## What is expected
Reproduced exactly, the lines from the start of the material through the line containing "夜には平昌オリンピックの金メ" should be the whole answer, with pictures excluded.

···

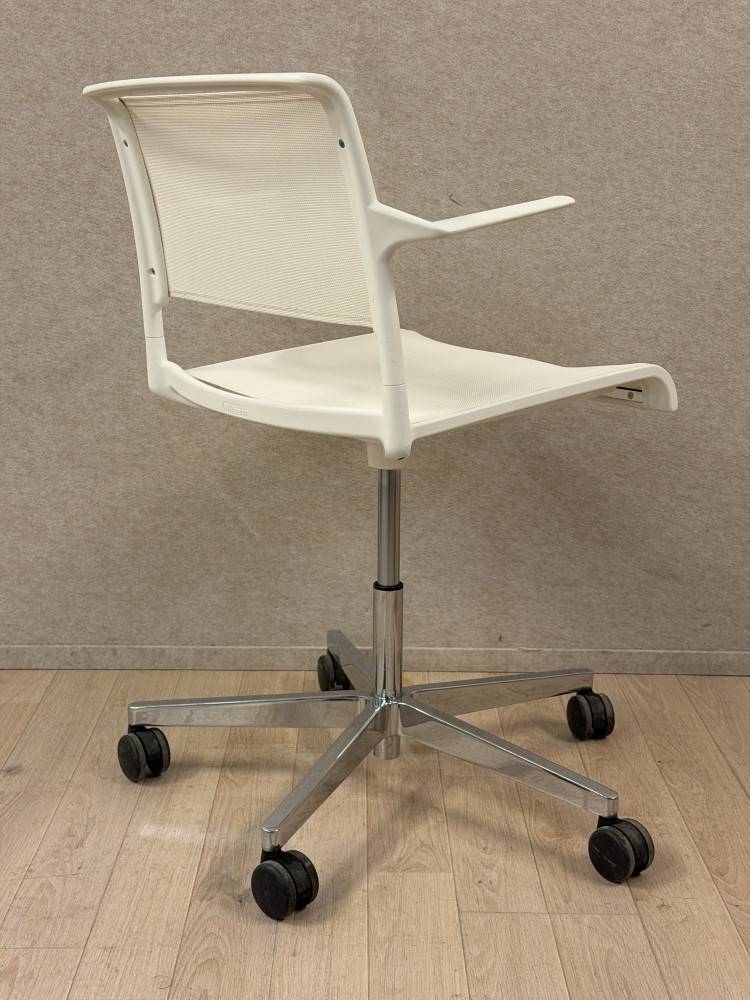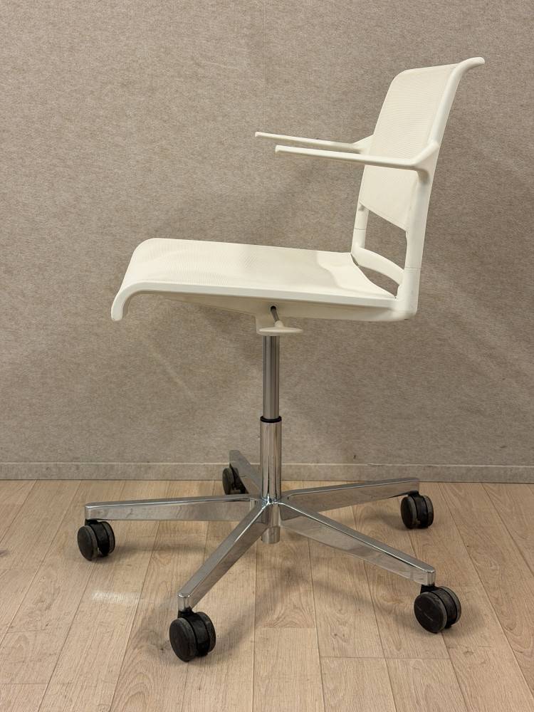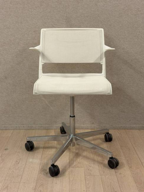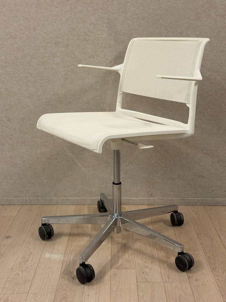 Wilkhahn Aline on saksalainen design-neuvottelutuoli moderneihin toimisto- ja asiantuntijaympäristöihin. Tämä käytetty Wilkhahn Aline -tuoli on verkkorakenteinen kokonaisuudessaan, eli sekä istuin että selkäosa ovat verkkomateriaalia. Tuoli on varustettu käsinojilla sekä viisisakaraisella kiillotetulla alumiinijalustalla pyörillä.
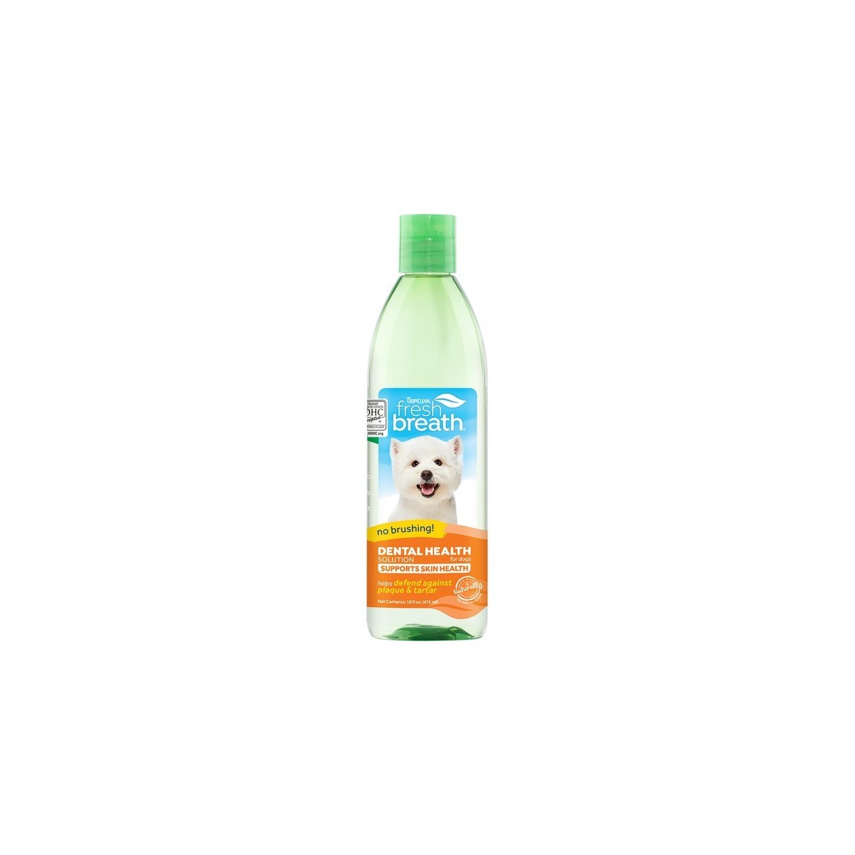 Oral care is about more than making your pets smiles sparkleits an important component of their overall health. In fact, 80% of dogs begin to show signs of oral disease by age 3. With TropiClean Fresh Breath Dental Health Solution Supports Skin Health, dogs can benefit from daily plaque and tartar defense, simply by drinking from their water bowl. Plus, omega 6 & 3 fatty acids help promote healthy skin health. Easy to use for both you and your dogno brushing required.,Water, Glycerin, Sodium Benzoate, Citric Acid, Cetylpyridinium Chloride, Zinc Gluconate, Omega 3 and 6 Fatty Acids, Green Tea Leaf Extract
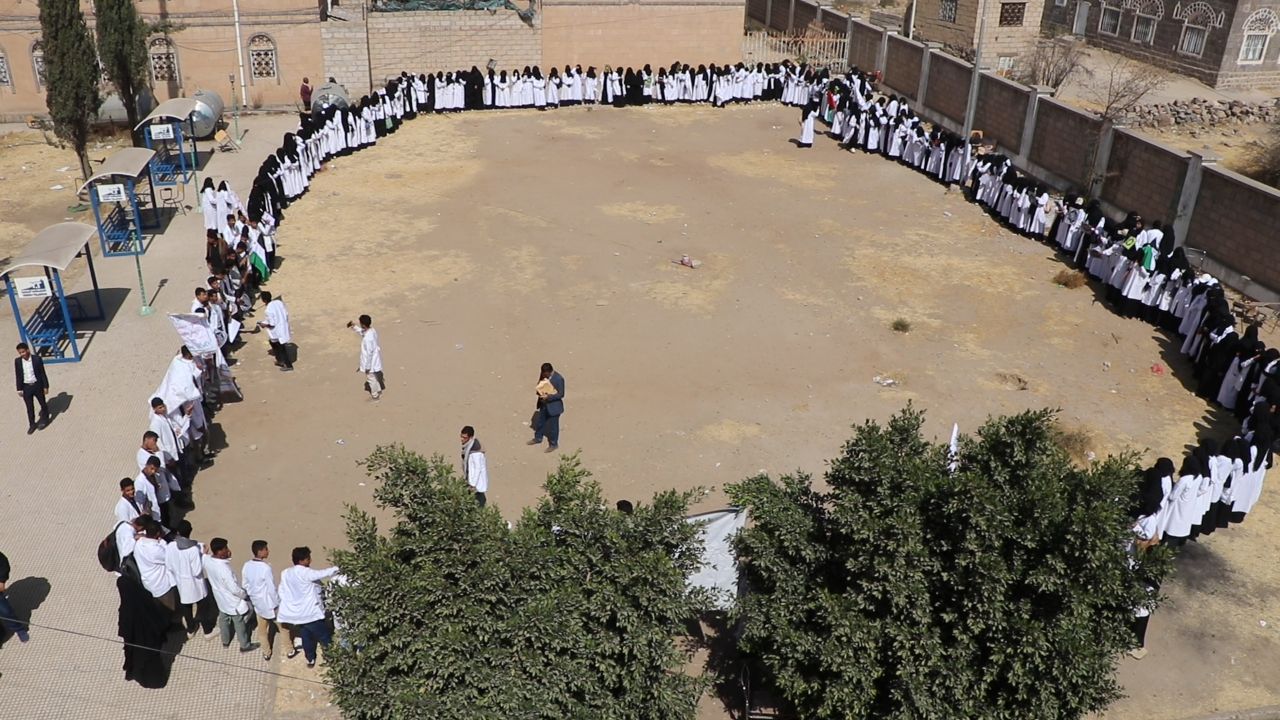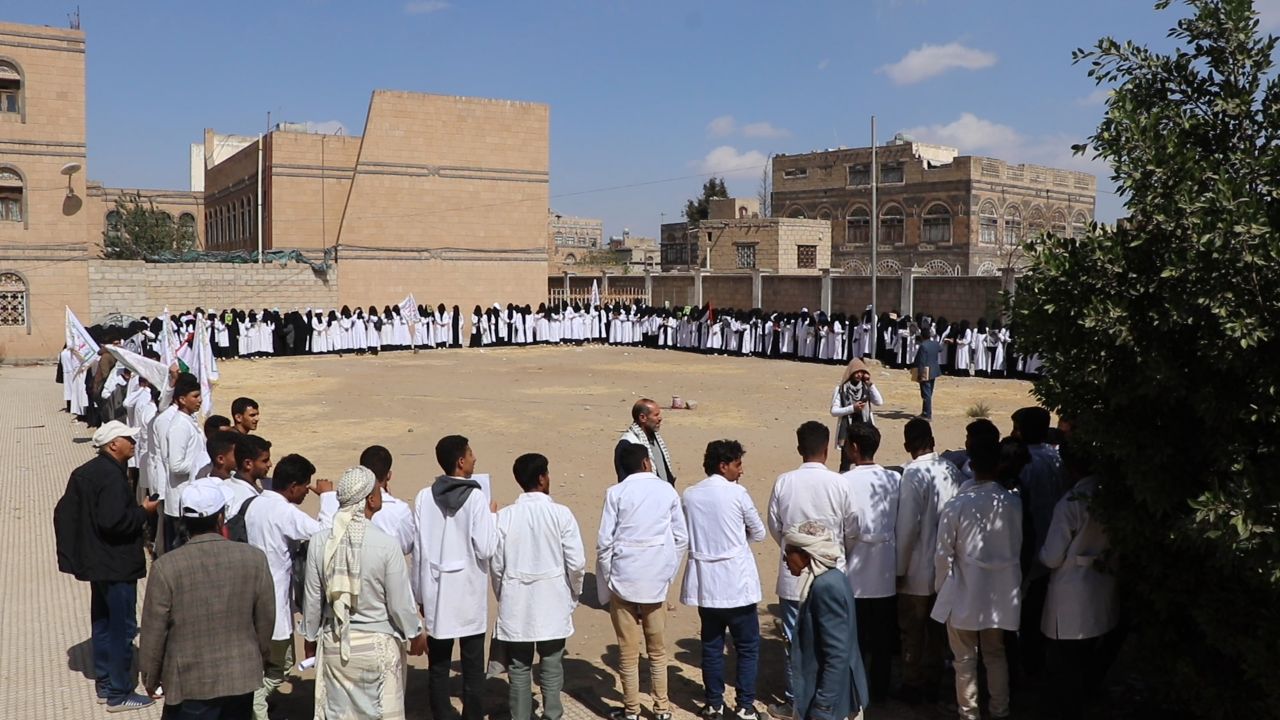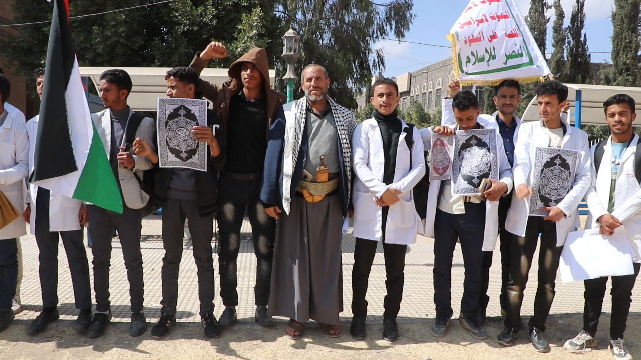 نظم منتسبو المعهد العالي للعلوم الصحية بمحافظة ذمار اليوم وقفة احتجاجية تنديدًا بالإساءة الأمريكية للقرآن الكريم.
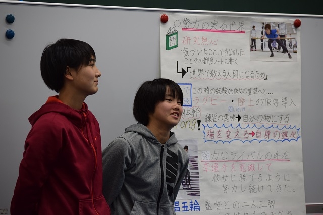 夜には平昌オリンピックの金メダリストの選手がどのようにして金メダルをとることができたのかを、アンジュヴィオレBINGOから3グループ、JFAアカデミー福島から3グループずつ発表しました。アンジュヴィオレBINGOの皆さんは、私達にはないアイデアがたくさんあって、どのグループもすごく印象に残り、楽しませてもらいました。全てのグループにそれぞれの特徴があり、思いが伝わる良い発表にすることができたと思います。
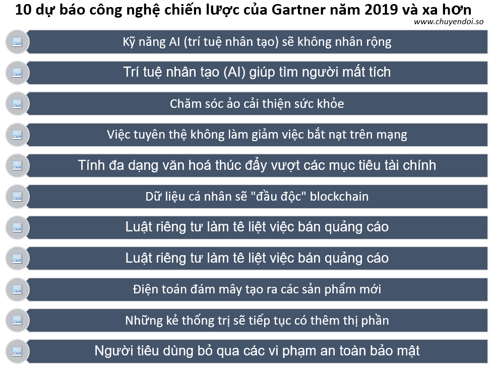 | 10 dự báo công nghệ chiến lược của Gartner 2019 và xa hơn (Gartner Strategic Predictions 2019 & beyond). Nguồn: Gartner |
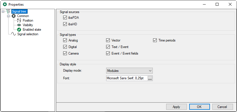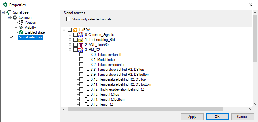 The signal selection allows you to determine which signals should be available in the signal tree. By default, all signals are available. If you want to limit the available signals then select “Show only selected signals” and make your selection by using the checkboxes in the signal tree.

···

## Worked solution
 Wilkhahn Aline on saksalainen design-neuvottelutuoli moderneihin toimisto- ja asiantuntijaympäristöihin. Tämä käytetty Wilkhahn Aline -tuoli on verkkorakenteinen kokonaisuudessaan, eli sekä istuin että selkäosa ovat verkkomateriaalia. Tuoli on varustettu käsinojilla sekä viisisakaraisella kiillotetulla alumiinijalustalla pyörillä.
 Oral care is about more than making your pets smiles sparkleits an important component of their overall health. In fact, 80% of dogs begin to show signs of oral disease by age 3. With TropiClean Fresh Breath Dental Health Solution Supports Skin Health, dogs can benefit from daily plaque and tartar defense, simply by drinking from their water bowl. Plus, omega 6 & 3 fatty acids help promote healthy skin health. Easy to use for both you and your dogno brushing required.,Water, Glycerin, Sodium Benzoate, Citric Acid, Cetylpyridinium Chloride, Zinc Gluconate, Omega 3 and 6 Fatty Acids, Green Tea Leaf Extract
 نظم منتسبو المعهد العالي للعلوم الصحية بمحافظة ذمار اليوم وقفة احتجاجية تنديدًا بالإساءة الأمريكية للقرآن الكريم.
 夜には平昌オリンピックの金メダリストの選手がどのようにして金メダルをとることができたのかを、アンジュヴィオレBINGOから3グループ、JFAアカデミー福島から3グループずつ発表しました。アンジュヴィオレBINGOの皆さんは、私達にはないアイデアがたくさんあって、どのグループもすごく印象に残り、楽しませてもらいました。全てのグループにそれぞれの特徴があり、思いが伝わる良い発表にすることができたと思います。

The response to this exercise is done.